Unterschiedliche Ansprüche bei Händlern und Kunden

Was ein Stapler haben muss, um auf der Plattform zum Verkaufsschlager zu werden, kann dabei sehr unterschiedlich sein, wie Nolte berichtet. Wenn Endkunden sich für das Gerät begeistern sollen, muss es in einem guten Zustand sein, was vor allem bedeutet, dass es gut aufgearbeitet ist, möglichst geringe Betriebsstunden hat und zwischen drei und fünf Jahren alt ist. Dazu kommen noch die zusätzlichen Konditionen wie Gewährleistung, Garantie und Service. „Das Händlergeschäft ist da ganz anders“, weiß Nolte. „Die Händler verkaufen sich die Stapler auch in unaufgearbeitetem Zustand und suchen häufig auch nach Exoten, die sie in den eigenen Beständen nicht haben.“ So lässt sich auch nur im Endkundengeschäft ein Trend ableiten, denn hier führen Vierrad-Gabelstapler mit Diesel- oder Elektroantrieb die Rangliste klar an.

Die Flaute nach der Krise

In den letzten Jahren litt der Markt gerade bei diesen gefragten Fahrzeugen unter einer Knappheit.
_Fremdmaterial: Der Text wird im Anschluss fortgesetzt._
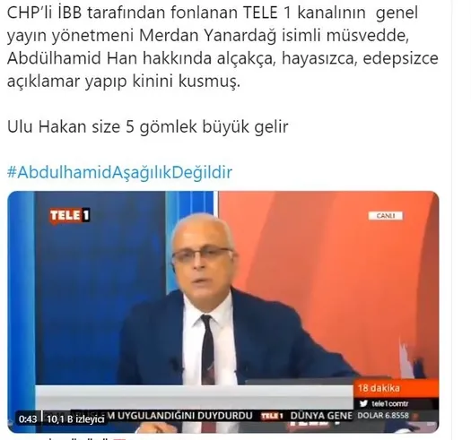 CHP'li İBB tarafından fonlanan TELE 1'in Genel Yayın Yönetmeni Merdan Yanardağ, canlı yayında haddini aştı ve Osmanlı Devleti Padişahı Sultan Abdülhamid Han'a hakaret etti. Skandal sözlerinin ardından vatandaşlar Merdan Yanardağ'a büyük tepki gösterdi ve RTÜK konuyla ilgili inceleme başlattı.

Der Grund hierfür lag in einer der Charakteristiken des Gebrauchtgerätehandels: Viele Marktentwicklungen wirken sich erst zeitversetzt aus. So waren die Auslöser für die jüngste Knappheit die Kurzarbeit und die kleineren Produktionszahlen in den Jahren der Wirtschaftskrise zwischen 2008 und 2009. Die Modelle, die damals nicht gebaut und verkauft wurden, fehlten jetzt auf dem Gebrauchtmarkt. Diese Situation entspannt sich aber nun zunehmend und der Handel floriert wieder, versichert Nolte.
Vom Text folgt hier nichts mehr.